• [PROBLEM REQUIREMENTS]
For the data below, transcribe the part that opens with the line containing "Sony STR-VX250 - Manual" and closes with the line containing "(1)10月9日(星期四)至", exactly and with no pictures.

• [DATASET RECORDS]

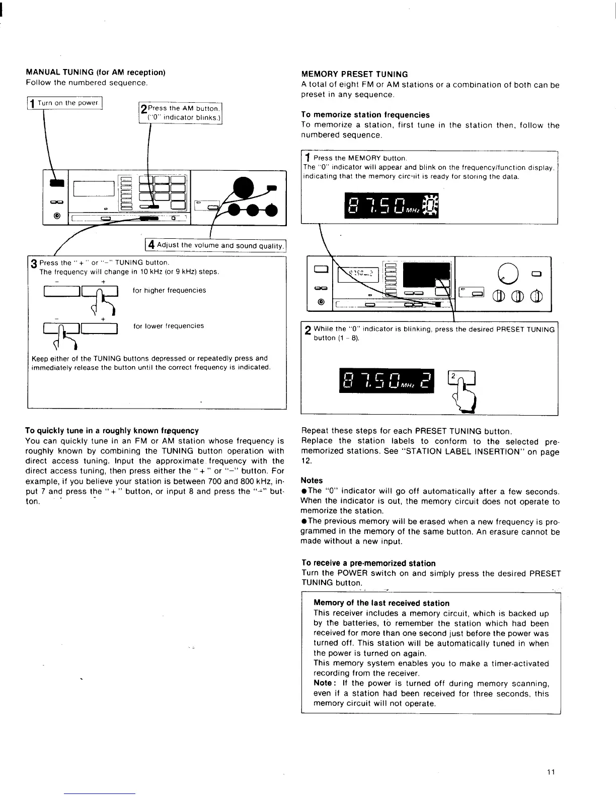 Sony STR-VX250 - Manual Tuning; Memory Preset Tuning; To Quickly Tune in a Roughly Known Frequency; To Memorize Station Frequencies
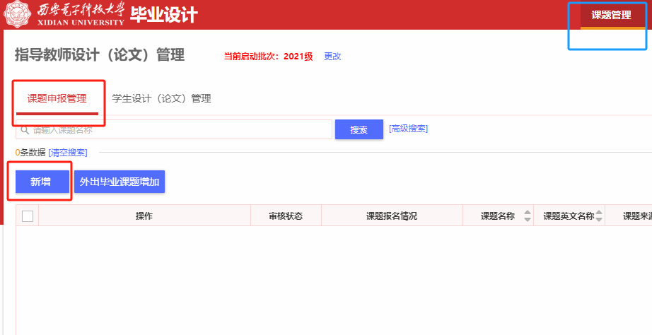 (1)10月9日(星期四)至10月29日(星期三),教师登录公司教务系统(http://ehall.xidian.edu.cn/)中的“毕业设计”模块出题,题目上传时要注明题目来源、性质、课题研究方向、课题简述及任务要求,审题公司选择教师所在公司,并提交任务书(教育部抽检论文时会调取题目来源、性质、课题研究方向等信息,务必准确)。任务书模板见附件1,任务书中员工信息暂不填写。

--

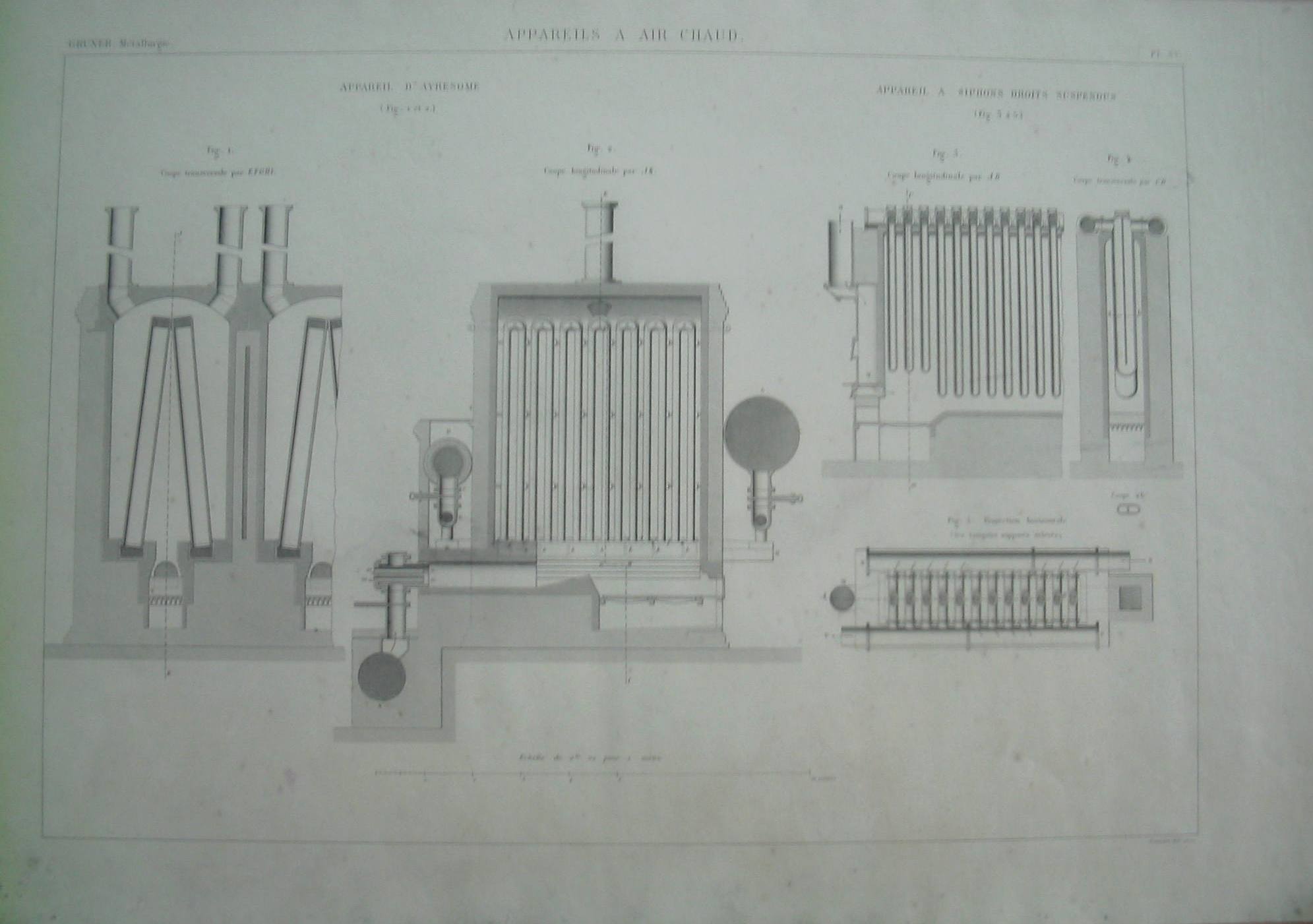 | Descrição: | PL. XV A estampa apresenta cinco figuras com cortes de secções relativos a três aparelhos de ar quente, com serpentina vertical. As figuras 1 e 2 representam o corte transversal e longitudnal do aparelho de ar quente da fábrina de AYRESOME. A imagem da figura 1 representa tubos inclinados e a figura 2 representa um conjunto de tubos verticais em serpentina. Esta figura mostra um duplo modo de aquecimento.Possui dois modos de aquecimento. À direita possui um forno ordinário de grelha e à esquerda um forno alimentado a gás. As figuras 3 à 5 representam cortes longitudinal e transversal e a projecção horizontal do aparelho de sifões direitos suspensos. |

• [YOUR SOLUTION]
 Sony STR-VX250 - Manual Tuning; Memory Preset Tuning; To Quickly Tune in a Roughly Known Frequency; To Memorize Station Frequencies
 (1)10月9日(星期四)至10月29日(星期三),教师登录公司教务系统(http://ehall.xidian.edu.cn/)中的“毕业设计”模块出题,题目上传时要注明题目来源、性质、课题研究方向、课题简述及任务要求,审题公司选择教师所在公司,并提交任务书(教育部抽检论文时会调取题目来源、性质、课题研究方向等信息,务必准确)。任务书模板见附件1,任务书中员工信息暂不填写。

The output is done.